Exercise aim => Write each line out exactly, from the one containing "Outdoor Living Entertainment" through the final line of the data, and keep pictures out of the copy.

---- Given data

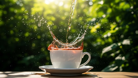 An action shot of tea being poured into a white cup, creating a dynamic splash against a blurred green forest background.
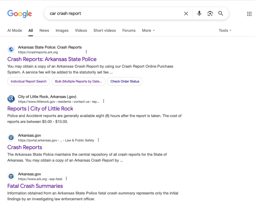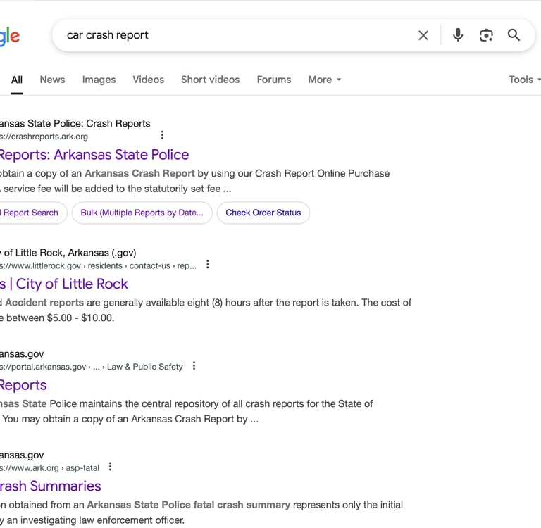 Search "Car Crash Report" or "Car Crash Report in Arkansas."
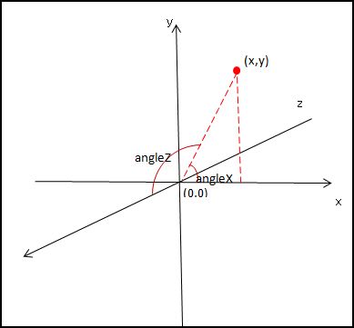 因為現在建立的是一個3D魔方,所以要畫出每個小矩形,需要知道小矩形的4個定點,而這4個定點會根據空間的旋轉角度而變換,所以為了計算出這4個定點坐標,需要知道魔方繞x軸和z軸旋轉的角度。
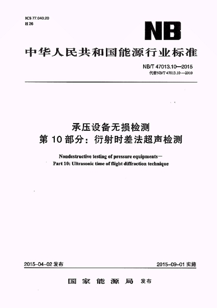 NB/T 47013.10-2015 承壓設備無損檢測 第10部分:衍射時差法超聲...
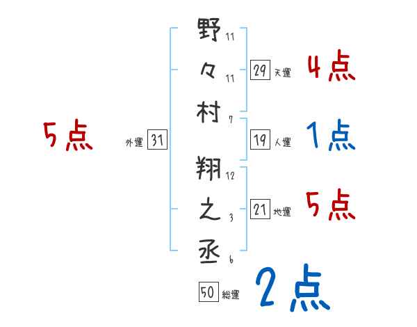 野々村翔之丞さんの画数の鑑定結果
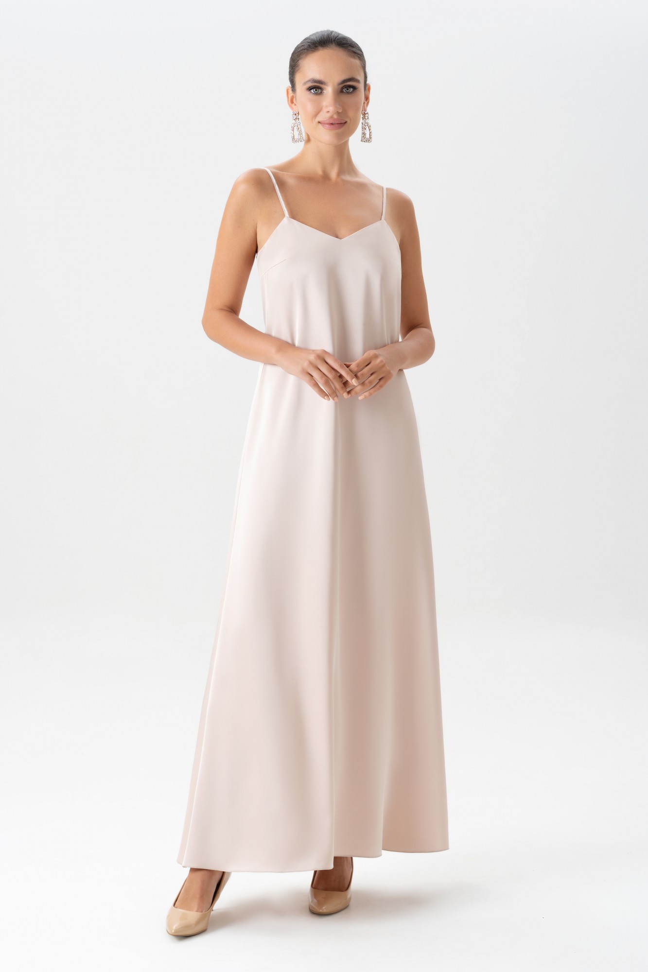 Нарядный женский костюм с платьем от брендов URS — это утончённый праздничный комплект, созданный для тех, кто выбирает изысканность, благородство и проверенную временем классику. Такой вечерний костюм прекрасно вписывается в атмосферу торжества, подчеркивает женственность и обеспечивает комфорт на протяжении всего события. Костюм женский, состоящий из блузона и платья, выполненных из плательной атласной ткани, нарядный. Блузон прямого силуэта, укороченный, с цельнокроеными короткими рукавами, с застежкой по спинке до верха на разъёмную тесьму-молнию с металлическими звеньями. Блузон также можно одевать застежкой на перед. Перед и спинка с цельнокроеным бочком. Рукава цельнокроеные короткие, с притачной нижней частью. Горловина блузона - круглая лодочка, застегивающаяся по спинке на пришивной потайной крючок. Низ переда, спинки и рукавов, горловина, застежка спинки вдоль молнии декорированы отделочной тесьмой из сетки с нашивными бусинами (размер и цвет фурнитуры может незначительно отличаться от фото). Перед, спинка и рукава на подкладке. Платье полуприлегающего силуэта, на бретелях, слегка расклешенное к низу, длинное, на отлетной по низу подкладке. Перед с нагрудными вытачками, выходящими из боковых швов. Верхняя часть переда ˅- образная, углубленная.
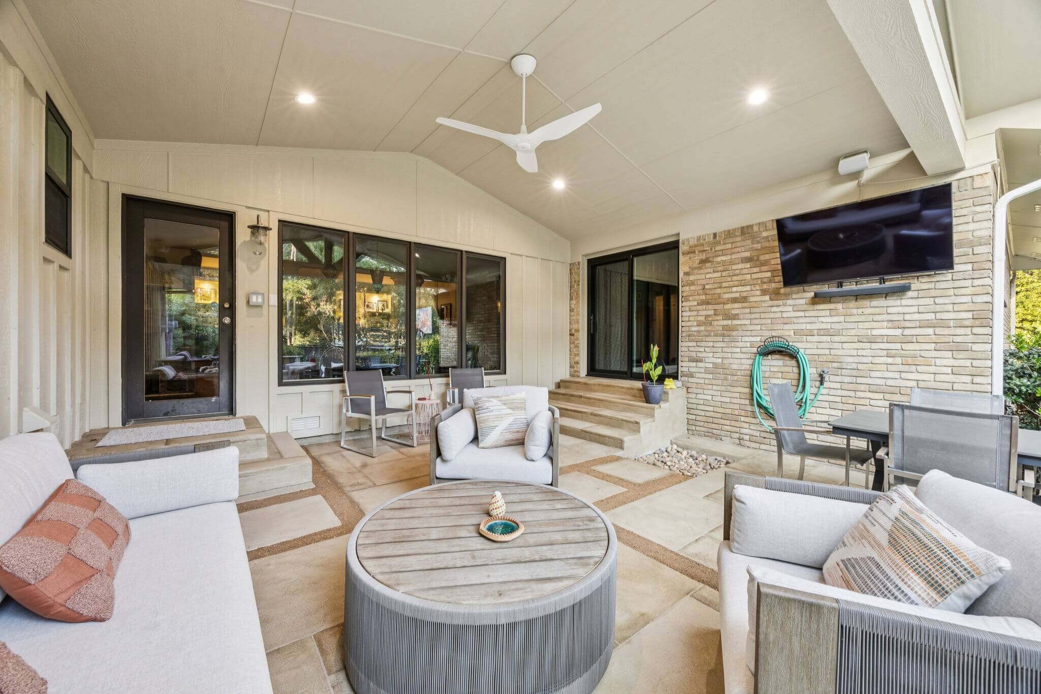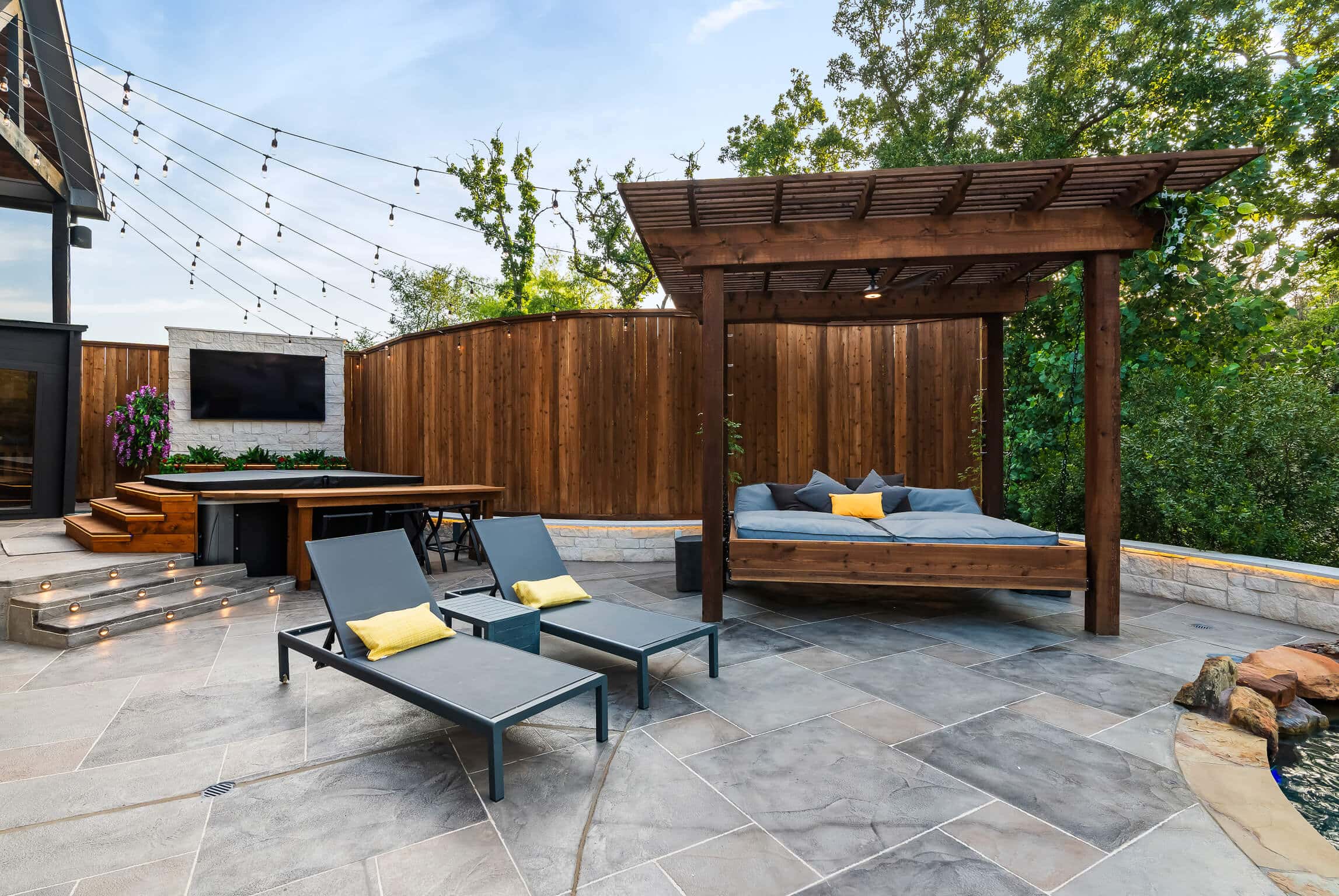 Outdoor Living Entertainment SpaceCozy Outdoor Seating AreaBackyard Oasis in Austin TexasSerene Backyard Retreat
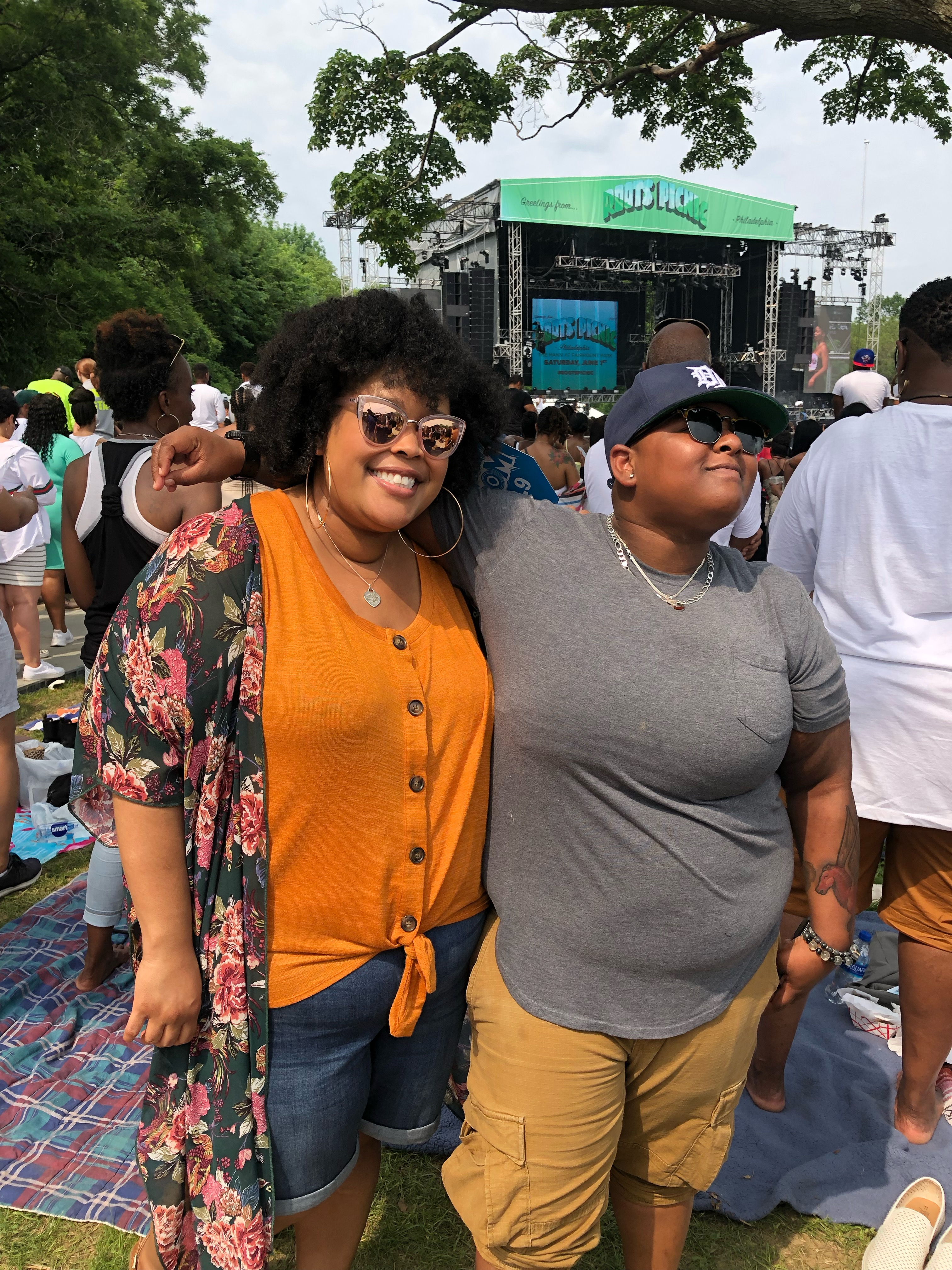 Painting of two smiling women standing together at an outdoor concert.

--------

Task result =>
 Outdoor Living Entertainment SpaceCozy Outdoor Seating AreaBackyard Oasis in Austin TexasSerene Backyard Retreat
 Painting of two smiling women standing together at an outdoor concert.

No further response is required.